= Ian Gordon (historian) =

Australian academic

Ian Gordon is a cultural historian. He writes on comic strips and comic books and film and television.

==Background==
Gordon earned a PhD in history at the University of Rochester. In 2015-16 he offered a Superhero Entertainments MOOC through the Coursera platform. He taught History and Media Studies for many years in Singapore. Many of his publications can be found on Zenodo.

==Comic Strips and Consumer Culture==
Gordon uses comic strips to make an argument about American culture. He says that comic strips were one of the first forms of truly national culture, by which he means people all over the country read them on the same day, and so had shared experiences, and that this happened on a widespread basis as early as 1908. He also ties comic strips to transformations in advertising styles, and not just the comic strip advertising style of the 1930s but the generalized use of more images in advertising as the twentieth century progressed. The book even has a chapter on the beginnings of comic books, which is a useful short overview and has good information on the early Superman. On 11 April 2011 he created an online version of the book which can be found at doi.org/10.5281/zenodo.18253782.

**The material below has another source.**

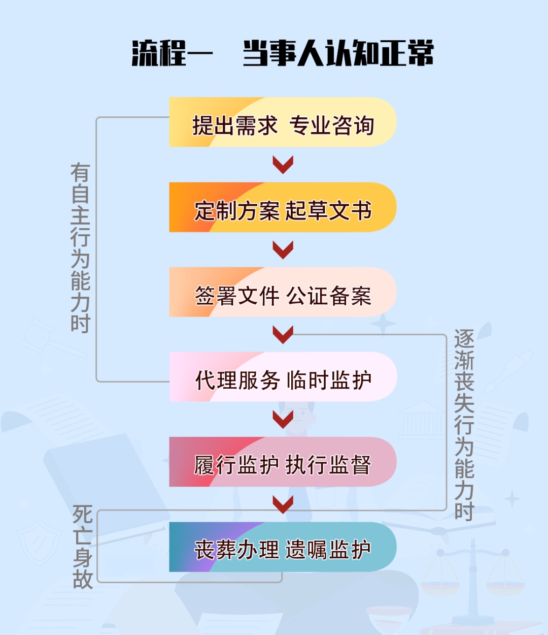 当你老了,膝下无子女 也不想总是麻烦其他亲戚 谁来照料你的日常生活? 当你病了,子女远在国外 手术又迫在眉睫 谁能在手术单上签字? 当你老了,孩子却身患疾病 想到总有一天要离开他 谁来替你继续守护他? …… 面对这样揪心的难题该怎么办? 若您身边有这样的老人 又该怎么提供切实的帮助? 答案就在“椿萱计划” 什么是“椿萱计划”? 这是闵行区在全国首创的老年人社会监护赋能项目。专门为各类没有监护人,或者监护人因客观条件无法履行责任的老年群体(社会孤老、失独家庭、独生子女伤残家庭、子女在海外的家庭等)提供咨询对接、人身照护、医疗救治、财产保护、签约公证等服务。 什么是意定监护? 意定监护是一个具有完全民事行为能力的成年人为自己或为自己应当监护的近亲属(如未成年子女),自主选择和预先指定信任的人或组织作为监护人,在将来自己能力不济时,按照预先确认的意愿照管自己或自己的近亲属。 【法律依据】民法典第33条:具有完全民事行为能力的成年人,可以与其近亲属、其他愿意担任监护人的个人或者组织事先协商,以书面形式确定自己的监护人,在自己丧失或者部分丧失民事行为能力时,由该监护人履行监护职责。 意定监护人如何挑选? 1.从自己的近亲属中选择监护人,如:子女、兄弟姐妹、侄甥、远亲等。 2.从自己的社交圈中选择监护人,如:同事、朋友、邻居、志愿者等。 3.你所信任的其他非近亲属。 4.专业可信的社会组织,具有相关资质和良好的社会口碑。 意定监护人的职责是什么? 意定监护人的职责是在被监护人能力不济或失能失智时,按照被监护人的意愿,代理被监护人实施民事法律行为,主要包括: 1.人身照管:租房、入住养老院、请护工等 2.财产管理:存款领取、房屋的出售等 3.就医协助:就医治疗、放弃医疗救治等 4.身后安排:遗体捐献、骨灰安葬等 5.权益申请协助:政策补贴申请、证件申领等 6.其他相关意愿执行 预先设立意定监护有什么好处? 1.可以有充分时间选择信任的人,并周全表达意愿,在将来按自己的意愿照管自己/家人。 2.保证意定监护人的监护顺位优于法定监护人。 3.免除监护人的顾虑,让好心人没有法律负担。 如何办理意定监护? 想进一步了解社会监护相关服务 该如何联系? 您可咨询居委会老龄干部,或直接联系上海闵行区尽善社会监护服务中心。 咨询热线 400-029-9930 个案服务直线 19921273878(陈老师) 总部办公地址 上海市闵行区七莘路750号308室 (上海市闵行区社会事务综合管理大楼) 新虹街道咨询接待点 新虹社区综合为老服务中心 (天山西路4358弄99号204室 “椿萱堂”)

The Journal of American History said: "Gordon has done historians a service by recognizing the importance of popular visual sources as important clues to understanding American culture. And the book is not only informative but fun to read."

American Journalism said: "a must read for any scholar interested in the question of popular culture."

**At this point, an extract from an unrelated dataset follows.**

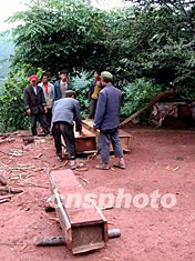 圖:云南大姚地震區(qū)村民為死難者料理后事

==Superman: The Persistence of an American Icon==
This book addresses Superman's place in American culture and discusses the way the character was shaped through interactions between writers, artists, editors, publishers, and readers. Gordon looks at Superman in his many media versions and also licensed items.

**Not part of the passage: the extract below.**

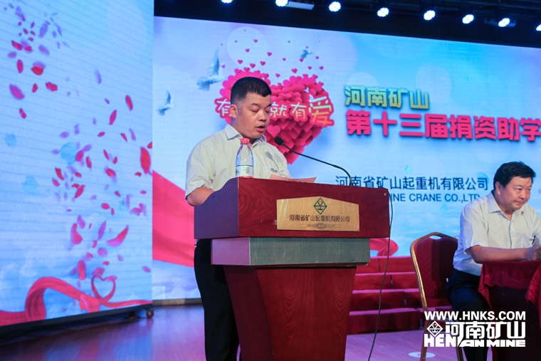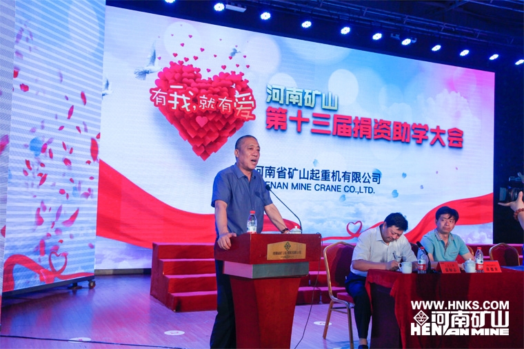 大會在莊嚴的國歌中拉開序幕。在公司工會主席張如志的主持下,縣人大副主任張繼忠首先做了熱情洋溢的致辭。他指出:河南礦山在崔培軍先生的領導下,全體員工披荊斬棘,全力拼搏,短短十余年便發展成為起重機行業翹楚,堪稱業內奇跡。更難能可貴的是,崔培軍先生富而有德、不忘大道,積極投身各種公益事業。多年來堅持捐資助學,大德昭示眾人,大愛普撒長垣,延續了中華民族扶危濟困的優良傳統。這種胸懷與行動,不但得到各級領導的肯定與支持,也受到廣大群眾的擁戴和贊揚,在社會上引發強烈反響。他深情地勉勵在座的大學生,資助是目的又不是終級目的,更多的是一種鼓勵和關愛。希望同學們牢記社會各界的關懷和愛護,繼續發揚刻苦學習的精神,正視并戰勝困難,向世人展示一個蒲城青年端莊穩重、誠實守信的精神風貌。

Writing in Choice John Lent said "the research for Superman: The Persistence of an American Icon is extraordinarily rich, the analysis is meticulously conceived and implemented, and the writing is clear and interesting, spiced with anecdotes, asides, and quotes."

==The Comics of Charles Schulz: The Good Grief of Modern Life==
On April 26, 2018 this book was nominated for an Eisner Award for best scholarly work on comics.

==Selected works==
- Comic Strips and Consumer Culture, 1890-1945. (Washington, DC: Smithsonian Institution Press, 1998).
- Comics and Ideology. co-edited. (New York: Peter Lang, 2001).
- Film and Comic Books. co-edited. (Jackson: University Press of Mississippi, 2007)
- Kid Comic Strips: A Genre Across Four Countries. (New York: Palgrave, 2016).
- The Comics of Charles Schulz: The Good Grief of Modern Life. co-edited. (Jackson: University Press of Mississippi, 2017).
- Superman: The Persistence of an American Icon. (New Brunswick: Rutgers University Press, 2017).
- Ben Katchor: Conversations. edited. (Jackson: University Press of Mississippi, 2018).
- The Superhero Symbol: Media, Culture, and Politics. (New Brunswick: Rutgers University Press, 2019).